Sometimes the white family gave presents to the Black family on plantation like a handkerchief, while the Black family had to reciprocate, usually by giving a handmade basket full of eggs or something of the like. If the Black family were invited into the house for Christmas…they were expected to show up, if they didn’t the slave master “kept mental note,” of who didn’t show up and sometimes that person would be penalized later.

People came from afar to visit the white families, sometimes they brought their slaves with them. One slave in the story came from New Orleans. Each region in the south had their own culture, so sometimes slaves from the deep south and upper south exchanged their regional cultures at Christmas time.

What Kinds of Things Did White Men Talk about at Christmas:

They talked about the fear of slave revolt, they talked about the possibility of secession from the North, they talked about how kind they were to their slaves at Christmas time and how “happy” their slaves were.

What Kind of Things Did Black People Talk about at Christmas:

They talked about the possibility emancipation, they talked about abolitionist, they talked about who was able to safely make it North to freedom.  Christmas brought hope that soon the Black family would be celebrating Christmas, not as slaves, but as free people.

At The End of the Day:

Black Families sorrowfully say goodbye to the family members that they may not see again until the following Christmas, if at all…You never knew who would be sold when…

The White family retires to bed, feeling satisfied. The Black family goes to bed, dreaming of freedom and singing songs. The white family thinks that the songs the Black people sing are songs of jubilation, but they really are signals and messages used to communicate about the prospects of freedom.

After Christmas:

The field hands dispose of the Christmas tree and house is prepared for New Year’s Ball.

The White families go to a New Year’s Eve Ball.

The Black families enjoy the last days of “The Big Times,” before life goes back to normal.

After New Years: 

After the holidays are over, the white folks read a list of all the Black people who would be sold off!
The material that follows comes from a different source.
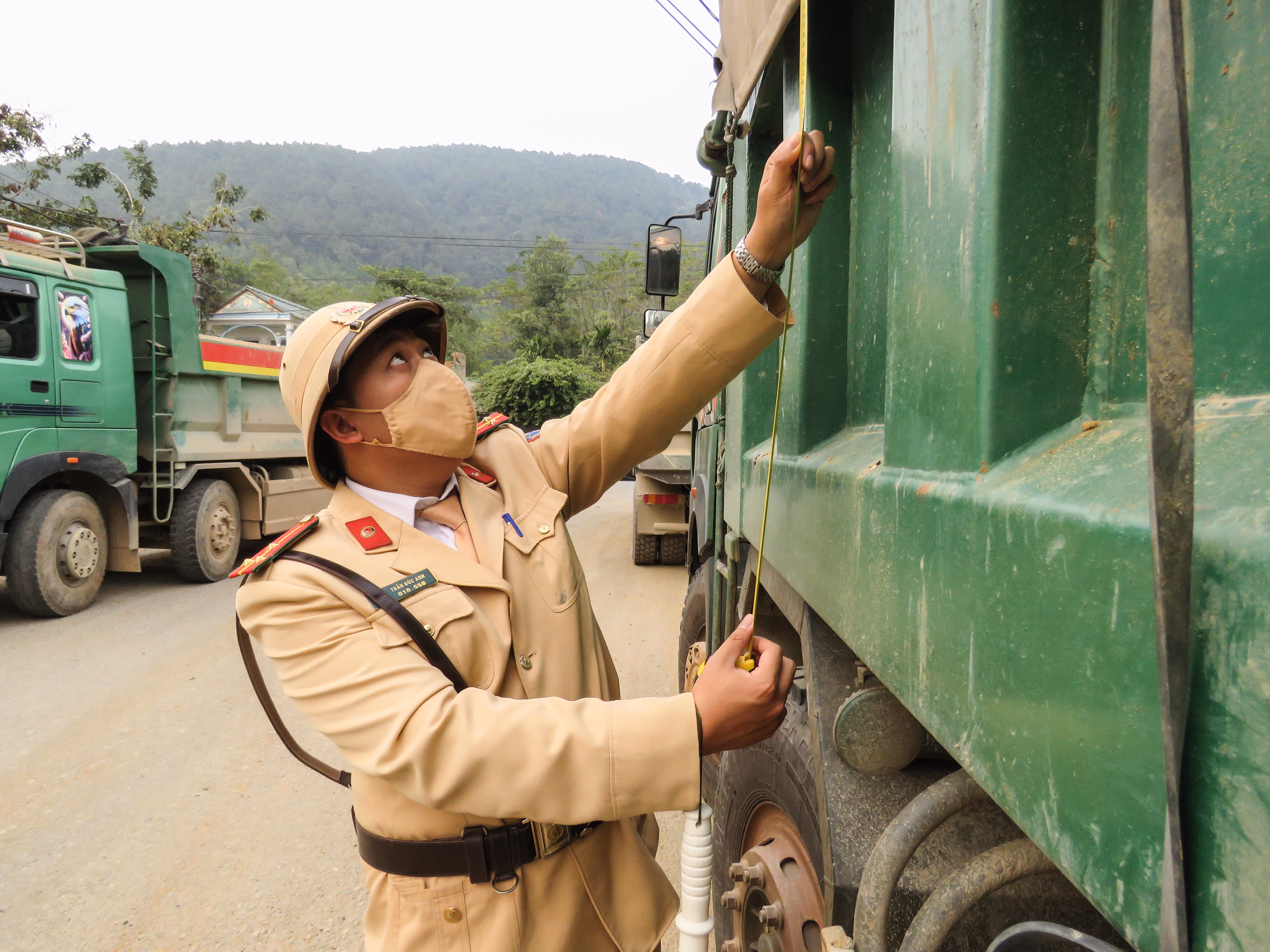 Chỉ trong khoảng 30 phút, phóng viên ghi nhận nhiều phương tiện chở khoáng sản bị lực lượng CSGT dừng xe kiểm tra giấy tờ, đo kích thước thành thùng, đồng thời đưa về trạm cân để kiểm tra tải trọng theo quy định.

Families are torn apart again, maybe only to be reunited at next Christmas…if the slave master permits it.

Shortly after “The Big Times,” are over…life goes back to normal for the slaves. They go back to scant meals, long work hours, not seeing their families that were sold afar…back to whippings and everything bad.

That was how things went for a while until slavery was legally removed.

Now, Today:

When I have the freedom to see my family whenever I want and eat full, hearty meals on a regular basis…I won’t take these things for granted because there was a time when I wouldn’t have been able to do that. It also makes me think of those who don’t have food and family available for Christmas.

I imagine that if I’m ever blessed to have my own children, I’ll gather them around and read this story to them too.

10 thoughts on “Christmas in the Big House, Christmas in the Quarters

  1. darn peanut u making me cry over here.I definetly don’t take christmas for granted i remeber when i was younger my parents had me and my brother pass out cards and candy to an old folks home.Those memories are important to remember who you are and pray for the less fortunate.it’s so sad that our ancestors had to go through that ,i also wonder what the native americans were doing during that time.

    • yes, i remember one year we went with my mom to a shelter for women and children and gave out gifts and a hot cooked meal…it is something i enjoyed doing and would love to do again with my kids, but it also makes you remember not to take things for granted and we all need help sometimes…but u think about where we’ve come from…roots was on BET the other day and I watched the whole series…I cried at a few parts…to see their family go from the beginning in africa and up until the reconstruction when they truly get their freedom was…something…

  2. That was a great post. My goodness our people have been through alot. Our people arte strong and we are survivors. Our people need to know this and always remember what we have been through.

  3. Thanks for this commentary. Definitely makes time with family much more meaningful. My kids will be learning this story.